I am curious to discover what it is that will be arriving at my doorstep later today (but not opened until tomorrow) and grateful to the friends who have arranged this surprise. But it would be dishonest to pretend that sitting around all day is not my cup of tea - especially as I do have to go out later first to do some visiting and then to attend a meeting.
All of which seems to have something to say to me about Advent waiting, and reminds me of the characteristics of 'active waiting' on which I preached in the not so distant past. There is a kind of impatient patience, I think... a patience that is never resigned to an interminable (or seemingly so) wait, but employs its time anticipating, both looking forward to, and pre-empting, that for which it waits.
I think this is part of the mystery of Advent... at one level we know it is a maximum of four weeks until Chritmas, at another the wait for the eschaton is unending. At one level we know what is coming, at another we haven't a clue. part of the challenge, if I can borrow some words from a hymn, is to "live tomorrow's life today"... to be signs and symbols that point or direct or draw others into this same mystery.

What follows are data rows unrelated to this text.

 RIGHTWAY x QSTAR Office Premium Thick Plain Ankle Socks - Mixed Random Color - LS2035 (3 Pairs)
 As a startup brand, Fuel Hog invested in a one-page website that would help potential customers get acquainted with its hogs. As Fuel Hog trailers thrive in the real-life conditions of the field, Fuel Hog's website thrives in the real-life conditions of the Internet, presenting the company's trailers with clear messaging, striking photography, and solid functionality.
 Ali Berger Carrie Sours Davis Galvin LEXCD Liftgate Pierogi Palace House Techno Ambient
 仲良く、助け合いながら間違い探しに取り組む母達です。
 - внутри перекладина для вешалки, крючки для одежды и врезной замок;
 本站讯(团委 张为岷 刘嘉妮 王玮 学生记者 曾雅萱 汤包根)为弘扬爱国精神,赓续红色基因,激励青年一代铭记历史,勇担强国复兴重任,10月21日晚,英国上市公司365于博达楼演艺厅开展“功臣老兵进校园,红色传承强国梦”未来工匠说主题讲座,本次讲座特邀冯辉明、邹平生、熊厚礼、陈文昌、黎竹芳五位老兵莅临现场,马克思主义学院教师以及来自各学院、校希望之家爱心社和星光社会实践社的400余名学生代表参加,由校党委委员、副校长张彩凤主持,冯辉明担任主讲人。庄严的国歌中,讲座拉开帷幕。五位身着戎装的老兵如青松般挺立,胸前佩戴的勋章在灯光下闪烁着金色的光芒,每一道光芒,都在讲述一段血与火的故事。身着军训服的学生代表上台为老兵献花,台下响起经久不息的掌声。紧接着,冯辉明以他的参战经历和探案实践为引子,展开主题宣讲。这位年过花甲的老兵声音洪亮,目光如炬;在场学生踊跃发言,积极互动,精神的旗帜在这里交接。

Waiting, waiting, waiting...
I'm not good at waiting, God,
I want to get this done and move on to the next thing
I'm not good at waiting, God,
I don't know how best to employ this gift of time
I'm not good at waiting, God,
I don't find 'being' as attractive or engaging as 'doing'
Show me how to wait for you
To wait with you
To learn how to 'be'
To delight more fully in the present moment
To be still, or at least to slow down
And discover your gift of patience
Amen.
A footnote of sorts! If nothing else the last couple of years have affected the way I view what may be termed "empty" time - unplanned hanging around, delays, people arriving late, etc. This is definitely not "time to kill" or "wasted time" it is a precious gift of "extra time" or "time to be". The danger is that as more time elapses, I will forget that again... I hope I won't.

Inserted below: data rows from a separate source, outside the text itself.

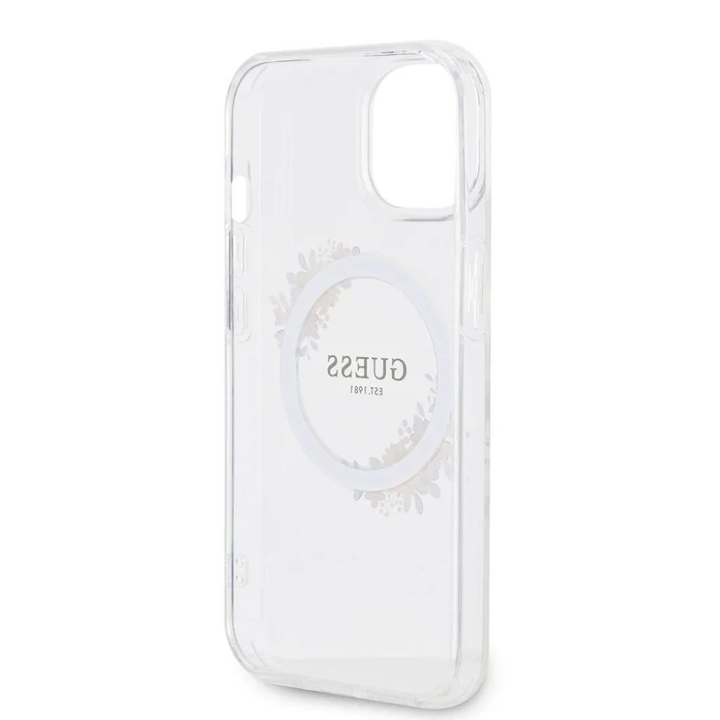 Hagyd, hogy telefonod a legjobb formájában tündököljön a Guess PC/TPU Flowers Ring Glossy Logo MagSafe tokkal.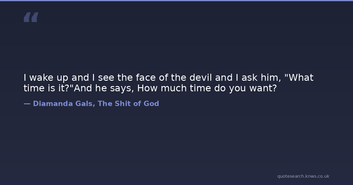 I wake up and I see the face of the devil and I ask him, "What time is it?"And he says, How much time do you want?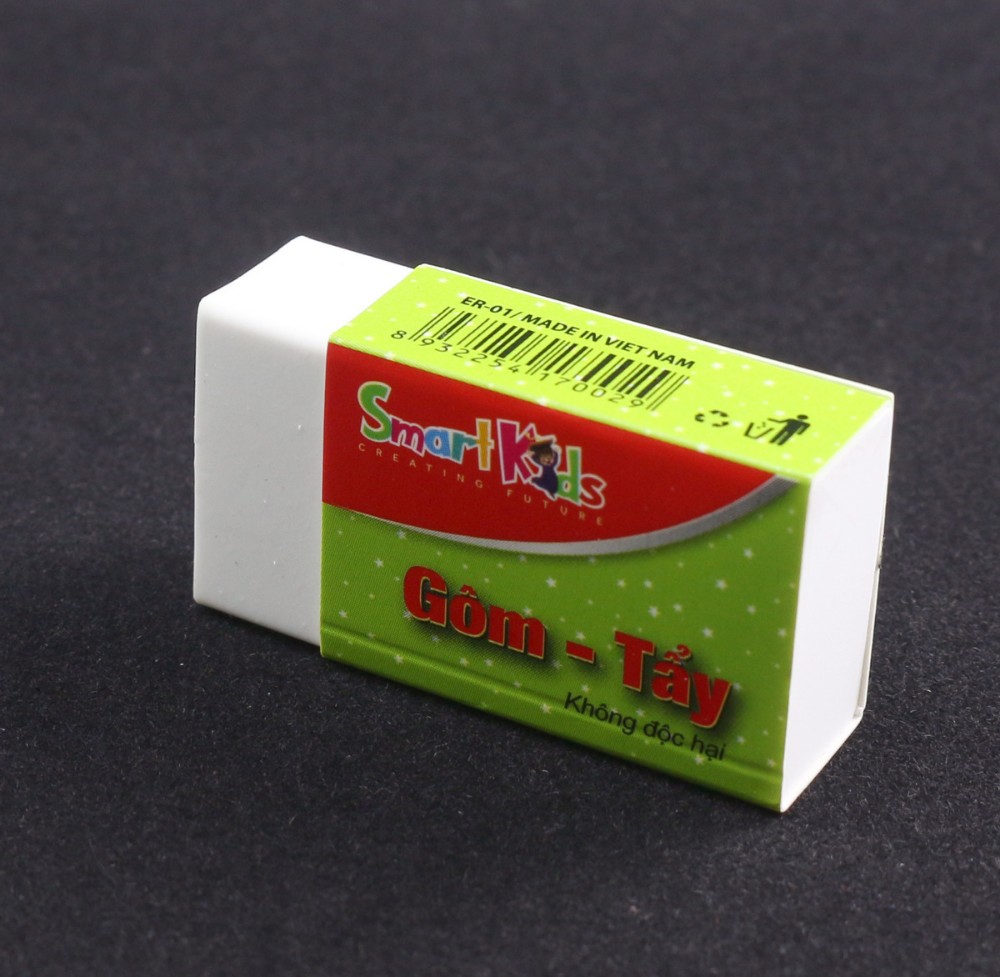 Gôm tẩy Smartkids ER-01 đã được tối ưu một cách tốt nhất cho việc gôm chì, vì thế tất cả các sản phẩm gôm tây Smartkids đều có thể dễ dàng gôm sạch sẽ, không để lại các vệt đen trên giấy cũng như để lại rất ít vụn. Ngoài ra với Gôm tẩy Smartkids, bạn sẽ không phải lo ngại việc gôm làm rách giấy hay gôm bị dơ tập.

Today we went out to round up our knitted sheep. Seven are back safe and sound in the vestry at the Gathering Place. One has gone a a loving home via Greggs the bakers - they just could not bear to say farewell to Cyril the Sheep, and as they had given us 60 yummy scrummy mince pies absolutely free... Sophie is still at the Botanic Gardens, and will find her way back home via a Church member who is in charge there! Oreo went to an independent ice cream shop which has suddenly closed for refurbishment, according to the signs on the shop front. We are sure Oreo is safe and sound, but plan to try to contact the proprietors to ensure they are OK.

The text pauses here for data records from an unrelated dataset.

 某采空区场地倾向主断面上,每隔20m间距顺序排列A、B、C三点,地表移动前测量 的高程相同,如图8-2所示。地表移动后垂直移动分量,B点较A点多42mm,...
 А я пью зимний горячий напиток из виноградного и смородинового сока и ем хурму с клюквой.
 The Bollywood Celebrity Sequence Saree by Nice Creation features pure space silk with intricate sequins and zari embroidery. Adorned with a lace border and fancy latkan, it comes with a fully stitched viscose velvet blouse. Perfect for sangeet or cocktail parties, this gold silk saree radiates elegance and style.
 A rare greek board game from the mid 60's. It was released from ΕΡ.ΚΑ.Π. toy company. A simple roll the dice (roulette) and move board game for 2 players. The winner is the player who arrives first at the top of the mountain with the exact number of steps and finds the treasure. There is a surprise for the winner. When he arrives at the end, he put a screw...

Shaun held court on a plinth in Oxfam books; George guarded the ewe's milk cheese in a deli (once he'd been rescued from the fridge with the lamb chops!), Rosie went to Ryman's, Norman hid in JoJo Maman Bebe, Dewey lodged in the library, Prudence stayed in a gift shop, and Doodles watched over the cards in the independent newsagent.
A great time was had by all the participating venues - who we rewarded with Fairtrade chocolate from the Glasgow One World Shop (which is once again empty after our visit!)
Today's PAYG used Matthew's genealogy of Jesus... described as one of the hardest passages in the Bible to read, let alone to relate to!
Growing up, I have to admit I usually skipped over this, dismissing it as boring; and anyway wasn't there that admonition against 'meaningless genealogies'? In more recent times, I have both preached and led studies on the five women in the genealogy (for named, one identified by the name of her murdered husband).
Today I was struck by the gentle, rhythmic, almost poetic flow of the lists, fourteen generation, fourteen generations fourteen generations... I assume if I was into gamatria or numerilogy I could have fun with that three lots of fourteen, three lots of two times seven... but I'm not.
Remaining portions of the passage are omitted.